In this paper, symbolic user queries are converted into self-similarity matrices and then compared with self-similarity matrices created from a database of pop music audio files to determine degree of similarity and possible matches.
- Müller, M., and M. Clausen. 2007. Transposition-invariant self-similarity matrices. In Proceedings of the 8th International Society for Music Information Retrieval Conference: 47-50.
This paper introduces and demonstrates the power of transposition-invariant self-similarity matrices for the identification of repetitive audio structure irrespective of key change. In contrast to previous works, their algorithm lumps the 12 possible inversions into a single step, rather than calculating each individually.
- Müller, M., and F. Kurth. 2007. Towards structural analysis of audio recordings in the presence of musical variations. EURASIP Journal on Advances in Signal Processing: 1-19.
This paper discusses how to extract repetitive musical segments even when large variations in musical parameters (e.g. tempo, timbre, articulation) are present, by comparing regions of possible similarity after implementing strategically simulated tempo changes. This method makes use of two simultaneous window sizes to incorporate note-based chroma vector information as well as larger-scale tempo, articulation, and note exection information. While the method used isn't refered to as DTW, it follows the same steps.
- Ness, S. 2009. Content-aware visualizations of audio data in diverse contexts.
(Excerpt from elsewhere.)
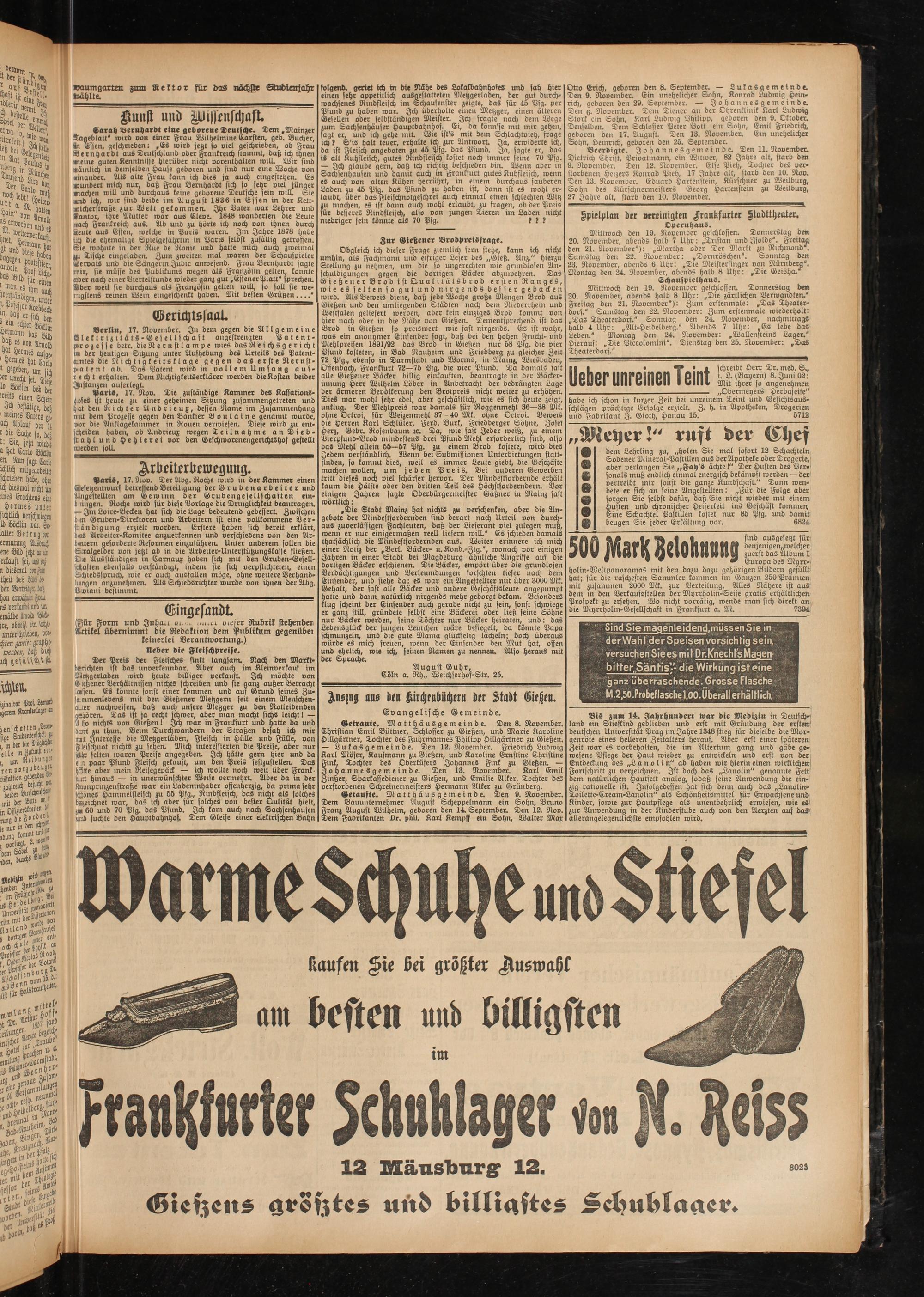 Der Preis ber Fleisches sinkt langsam. Nach ben Marktberichten ist bas unverkennbar. Aber auch im Kleinverkauf im Heßgerlaben wirb heute billiger verkauft. Ich möchte von K-ietzener Verhältnissen nichts schreiben unb sie ganz außer Betracht [affen. Es könnte sonst einer kommen unb auf Grunb feines Zu- |a inmenlebenS mit ben Gießener Metzgern fett einem Menschen- aLter nachweisew baß auch unsere Metzger zu ben Notleibenben gehören. Tas ist ja recht schwer, aber man macht sichs leicht l — 21 Iso nichts von Gießen 1 Ich war in Frankfurt unb hatte ba unb dort zu thun. Beim Durchwandern ber Straßen besah ich mir miit Interesse bie Metzgerläben, Fleisch in Hülle unb Fülle, von Flleischnot nichts zu sehen. Mich ütteressierten bie Preise, aber nur selhr selten loaren Preise angegeben. Ich hätte gern hier unb da ei n paar Pfund Fleisch gekauft, um ben Preis festzustellen. Das Hölle aber mein Reisegepäck — ich wollte noch weit über Frank- suill hinaus — in unerwünschter Weise vermehrt. Aber ba in ber ttnonprmzeiistraße war ein Uabeninhaber offenherzig, ba prima sehr stzönes Hammelfleisch zu 55 Pfg., Rinbflelsch, bas nicht als solches bejeichnet war, bas ich aber für solches von bester uulität hielt, 6» 60 unb 70 Pfg. bas Pfund. Ich kam auch nach Sachsenhausen unb suchte ben Hauptbahnhof. Dem Gleise einer elektrischen Bahn

PhD Thesis, University of Victoria.
This is a fascinating MA thesis on visualizing different types of complex audio data in different user-manipulated ways, and is worth a read in general. In terms of DTW and similarity, a brief discussion of similarity matrices and DTW on page 23 involves a couple of illustrative DTW curve overlays on self-similarity matrices.
- Pikrakis, A., S. Theodoridis, and D. Kamaroto. 2003. Recognition of isolated musical patterns using context dependent dynamic time warping. IEEE Transactions on Speech and Audio Processing: 175-83.
Greek traditional music has a different structure compared to much Western equal-tempered music. In this paper, context-dependent DTW is used to better recognize isolated musical patterns within Greek folk music.